-------- DATA UNDER STUDY
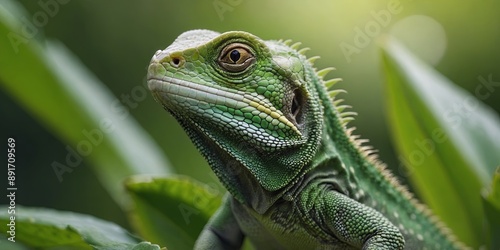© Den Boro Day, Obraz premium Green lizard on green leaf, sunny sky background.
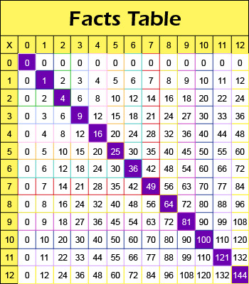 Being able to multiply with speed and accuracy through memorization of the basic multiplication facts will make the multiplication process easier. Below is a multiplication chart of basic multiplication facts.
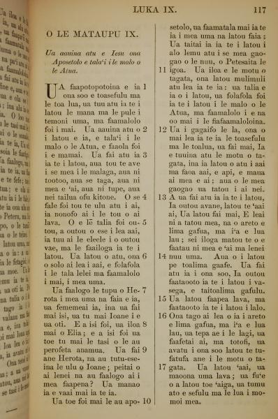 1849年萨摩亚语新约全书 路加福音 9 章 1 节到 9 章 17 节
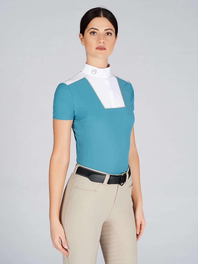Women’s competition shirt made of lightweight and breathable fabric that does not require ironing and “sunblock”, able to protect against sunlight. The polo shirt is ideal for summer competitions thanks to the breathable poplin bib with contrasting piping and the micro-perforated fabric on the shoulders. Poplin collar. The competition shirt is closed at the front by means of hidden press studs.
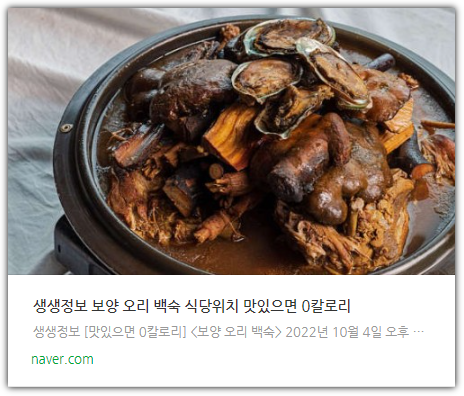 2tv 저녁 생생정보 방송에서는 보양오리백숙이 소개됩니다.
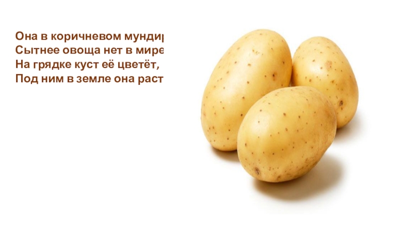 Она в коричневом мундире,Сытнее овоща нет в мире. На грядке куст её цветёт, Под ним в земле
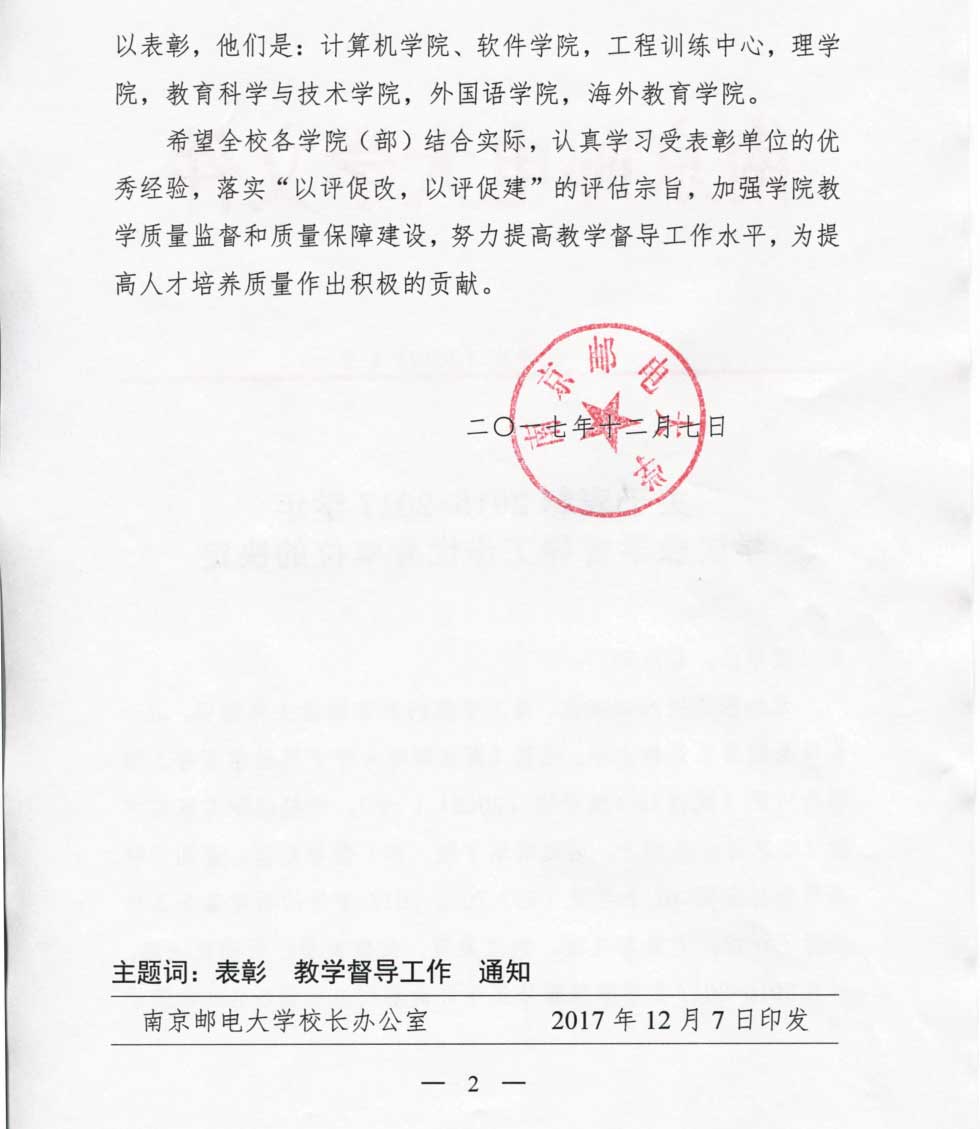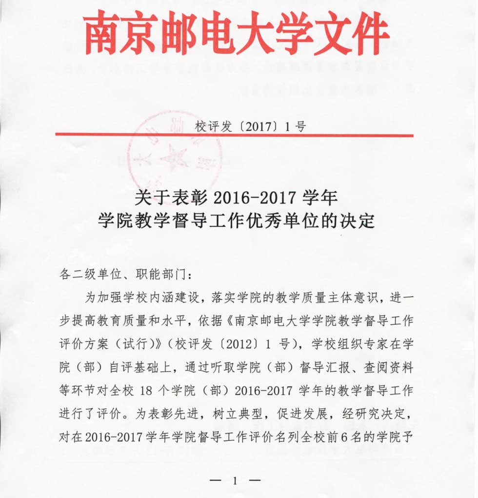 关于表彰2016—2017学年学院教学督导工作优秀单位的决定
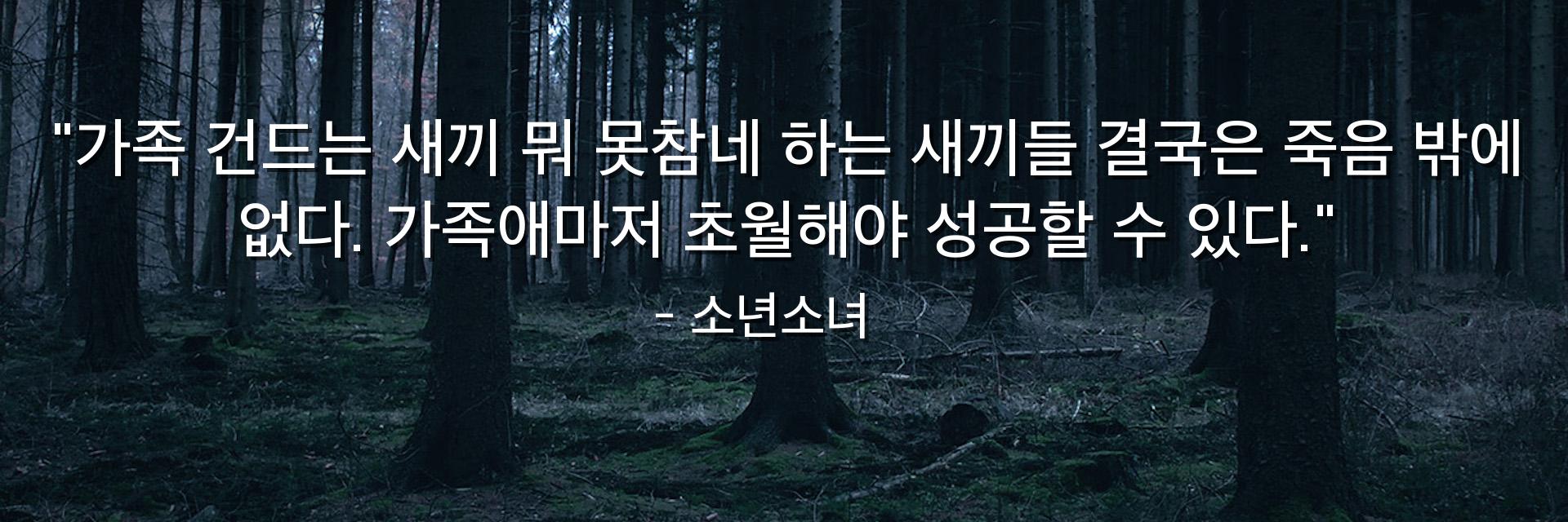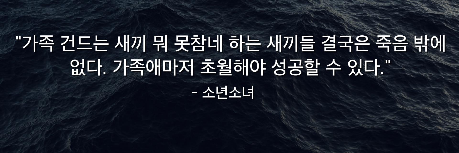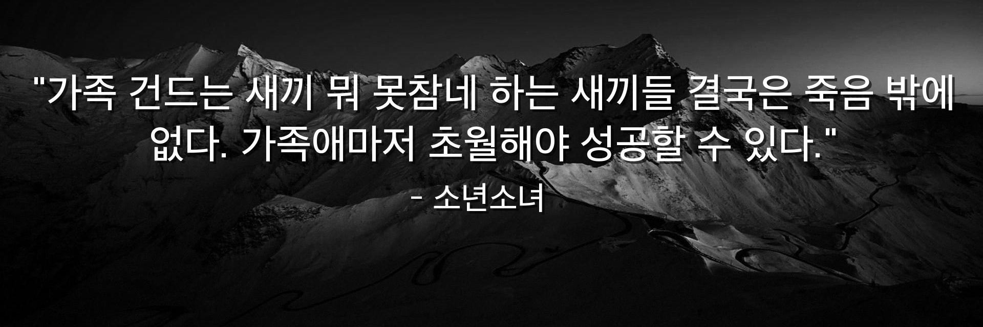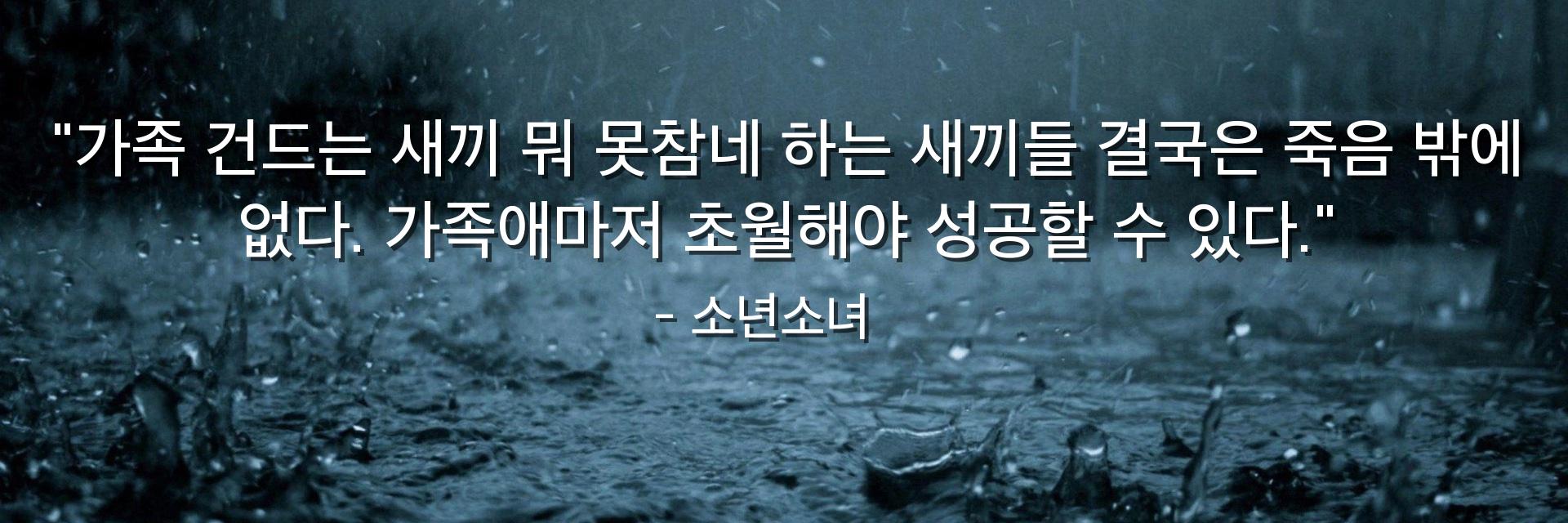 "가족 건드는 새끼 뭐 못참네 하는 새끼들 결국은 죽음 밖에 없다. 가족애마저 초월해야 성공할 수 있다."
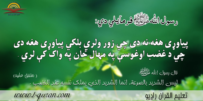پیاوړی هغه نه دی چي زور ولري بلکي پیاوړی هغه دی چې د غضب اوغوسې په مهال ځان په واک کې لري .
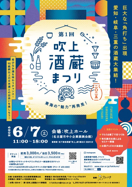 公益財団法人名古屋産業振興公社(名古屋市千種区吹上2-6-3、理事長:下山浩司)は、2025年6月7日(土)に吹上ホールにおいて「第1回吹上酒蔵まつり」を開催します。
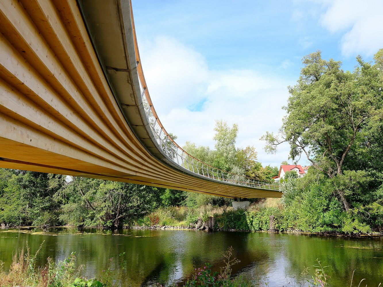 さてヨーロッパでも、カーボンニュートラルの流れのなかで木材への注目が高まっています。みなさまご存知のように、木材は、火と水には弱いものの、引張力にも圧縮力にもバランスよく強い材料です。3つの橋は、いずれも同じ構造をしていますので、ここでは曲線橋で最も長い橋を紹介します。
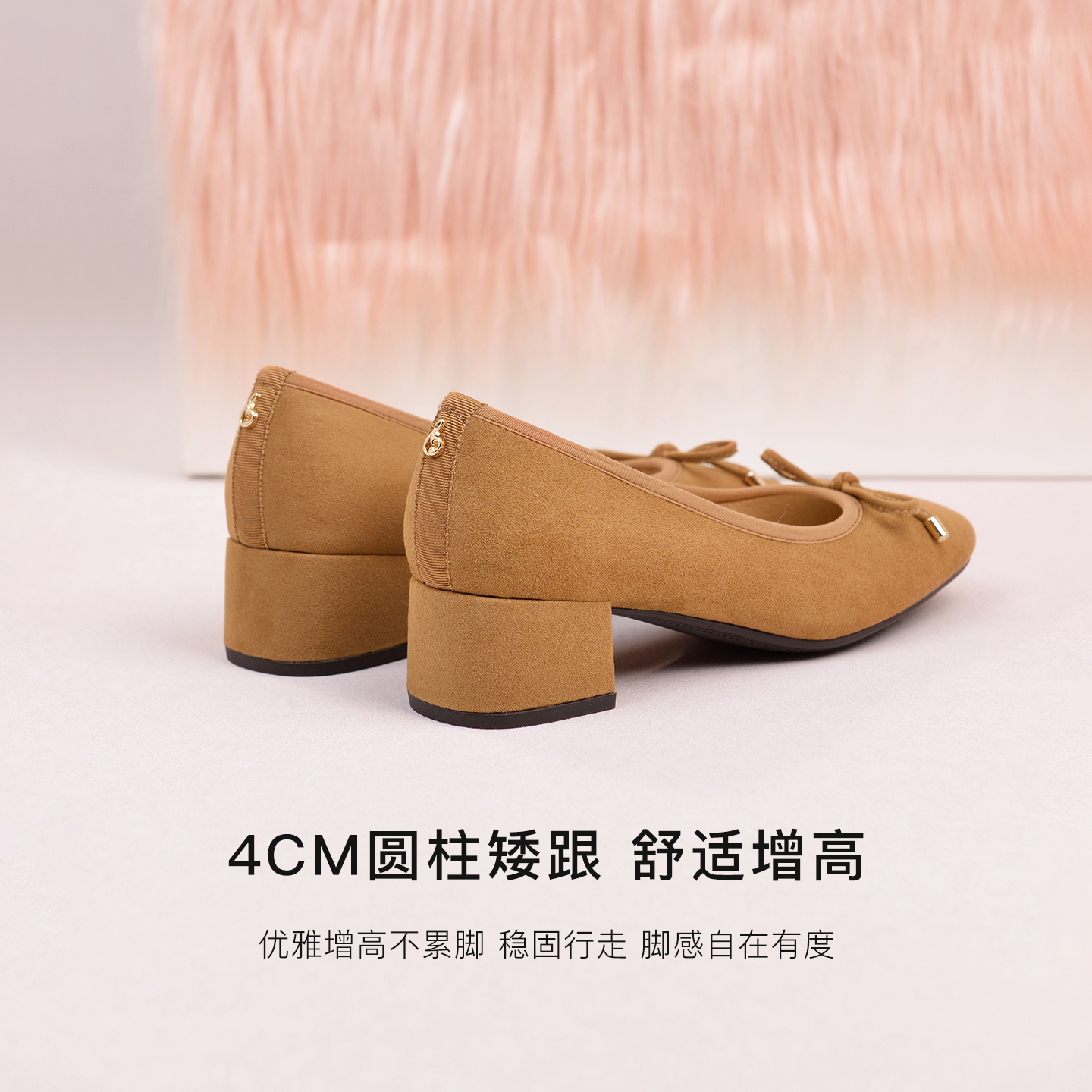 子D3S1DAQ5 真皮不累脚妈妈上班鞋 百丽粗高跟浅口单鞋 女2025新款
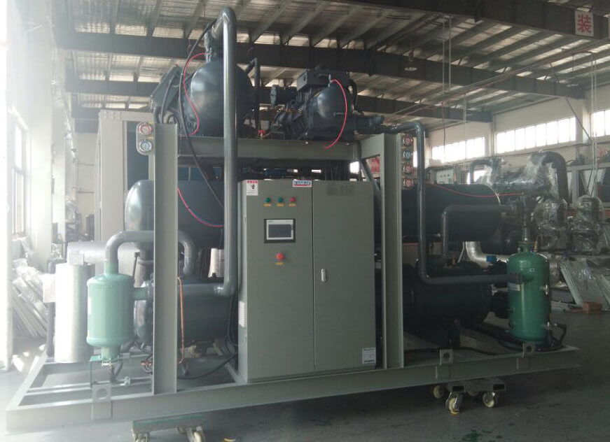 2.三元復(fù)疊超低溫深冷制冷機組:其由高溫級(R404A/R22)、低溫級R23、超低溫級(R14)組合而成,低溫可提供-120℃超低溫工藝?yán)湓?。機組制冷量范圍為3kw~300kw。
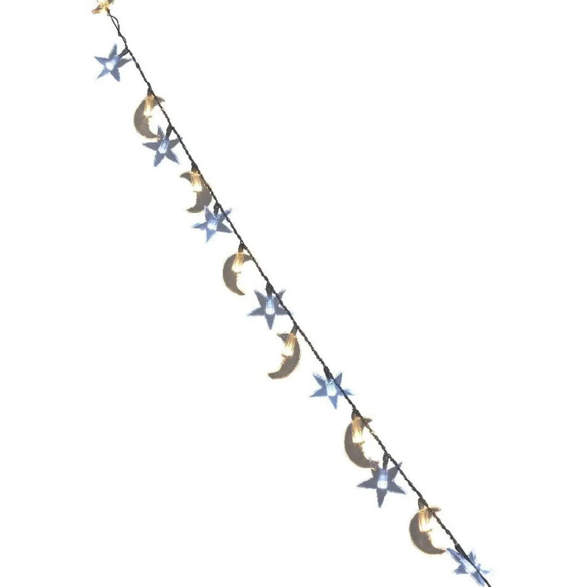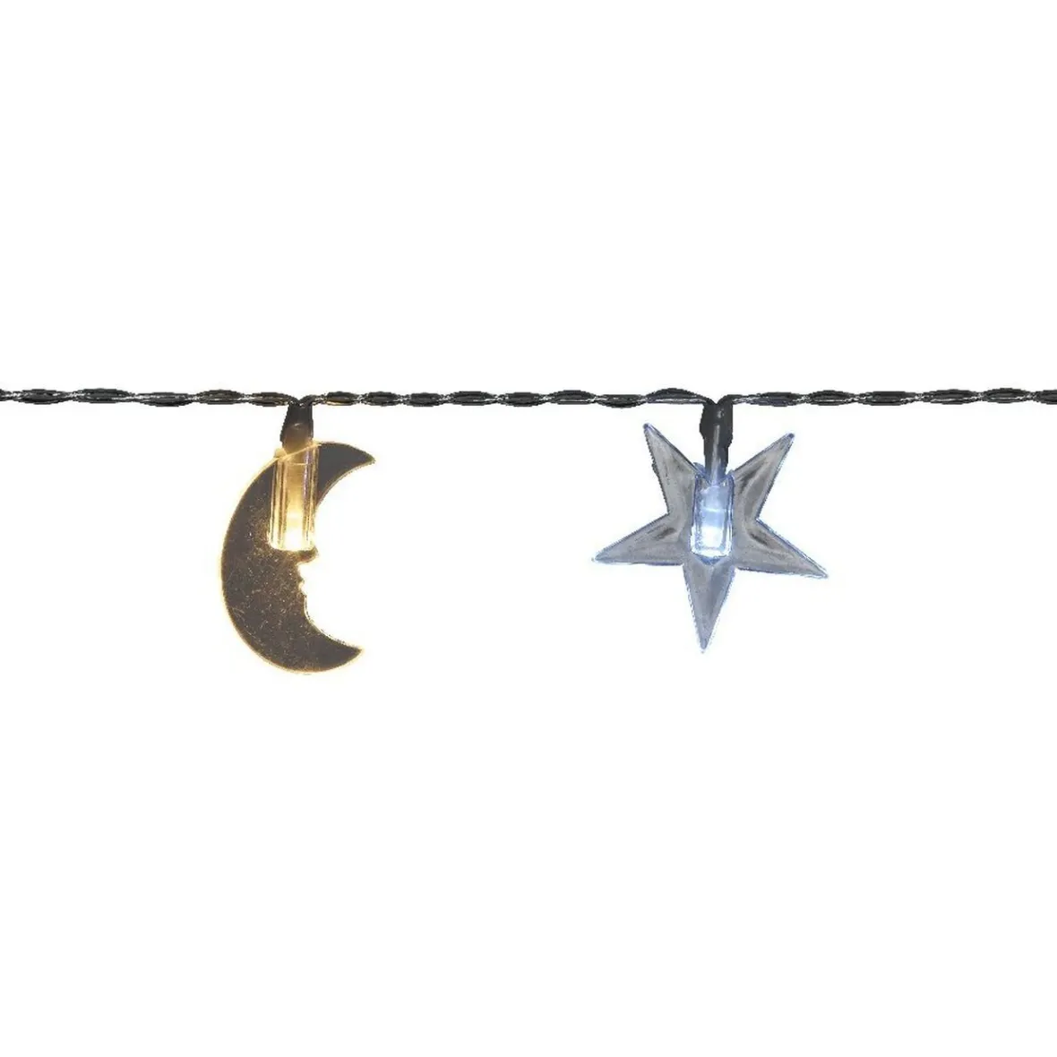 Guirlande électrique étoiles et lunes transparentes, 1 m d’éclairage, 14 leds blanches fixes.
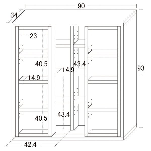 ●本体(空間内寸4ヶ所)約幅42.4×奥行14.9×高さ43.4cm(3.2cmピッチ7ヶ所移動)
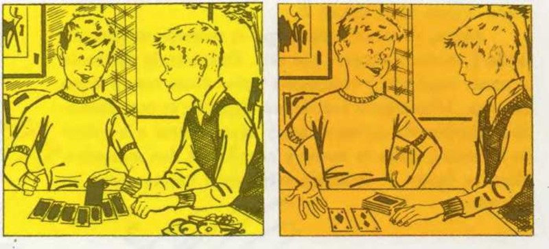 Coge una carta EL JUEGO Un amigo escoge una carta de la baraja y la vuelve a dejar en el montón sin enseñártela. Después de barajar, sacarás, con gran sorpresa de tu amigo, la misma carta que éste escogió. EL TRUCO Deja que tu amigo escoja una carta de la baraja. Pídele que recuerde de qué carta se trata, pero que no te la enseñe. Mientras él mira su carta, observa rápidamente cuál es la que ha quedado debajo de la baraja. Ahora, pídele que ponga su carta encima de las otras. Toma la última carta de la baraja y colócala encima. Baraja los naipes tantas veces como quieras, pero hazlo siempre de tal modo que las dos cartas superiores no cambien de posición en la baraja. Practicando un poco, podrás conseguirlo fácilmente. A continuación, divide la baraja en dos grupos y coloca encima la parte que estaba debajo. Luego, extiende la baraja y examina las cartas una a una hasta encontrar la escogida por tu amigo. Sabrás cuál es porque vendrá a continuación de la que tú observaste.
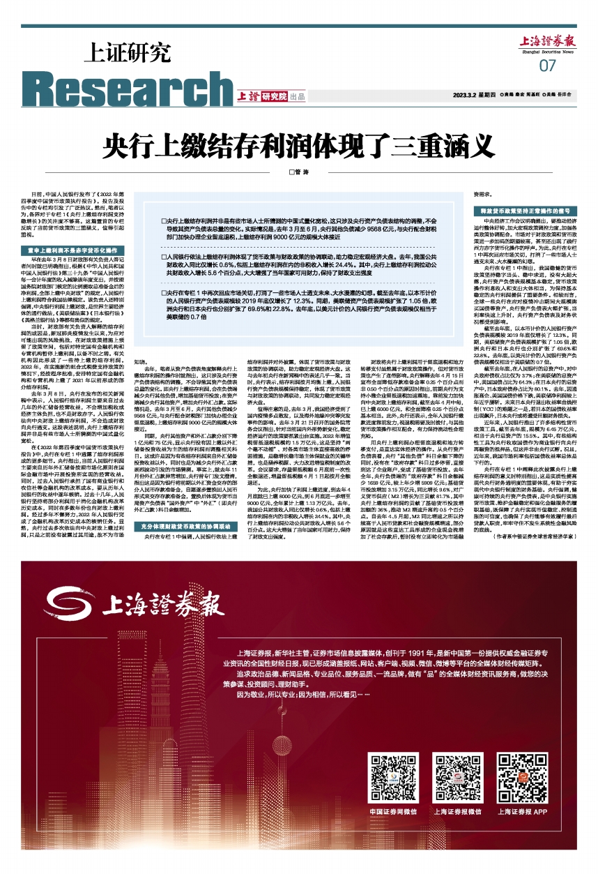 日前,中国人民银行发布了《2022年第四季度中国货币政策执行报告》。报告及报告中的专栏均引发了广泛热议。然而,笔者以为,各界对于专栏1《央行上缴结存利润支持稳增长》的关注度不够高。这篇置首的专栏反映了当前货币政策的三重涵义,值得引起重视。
----------------
**WHAT THIS TASK INVOLVES**
Within these entries, output exactly the lines starting at the one with "Being able to" and finishing at the one with "2tv 저녁 생생정보 방송에서는 보양오리백숙이 소개됩니다.". Leave pictures out of the output.

**ANSWER BOX**
 Being able to multiply with speed and accuracy through memorization of the basic multiplication facts will make the multiplication process easier. Below is a multiplication chart of basic multiplication facts.
 1849年萨摩亚语新约全书 路加福音 9 章 1 节到 9 章 17 节
Women’s competition shirt made of lightweight and breathable fabric that does not require ironing and “sunblock”, able to protect against sunlight. The polo shirt is ideal for summer competitions thanks to the breathable poplin bib with contrasting piping and the micro-perforated fabric on the shoulders. Poplin collar. The competition shirt is closed at the front by means of hidden press studs.
 2tv 저녁 생생정보 방송에서는 보양오리백숙이 소개됩니다.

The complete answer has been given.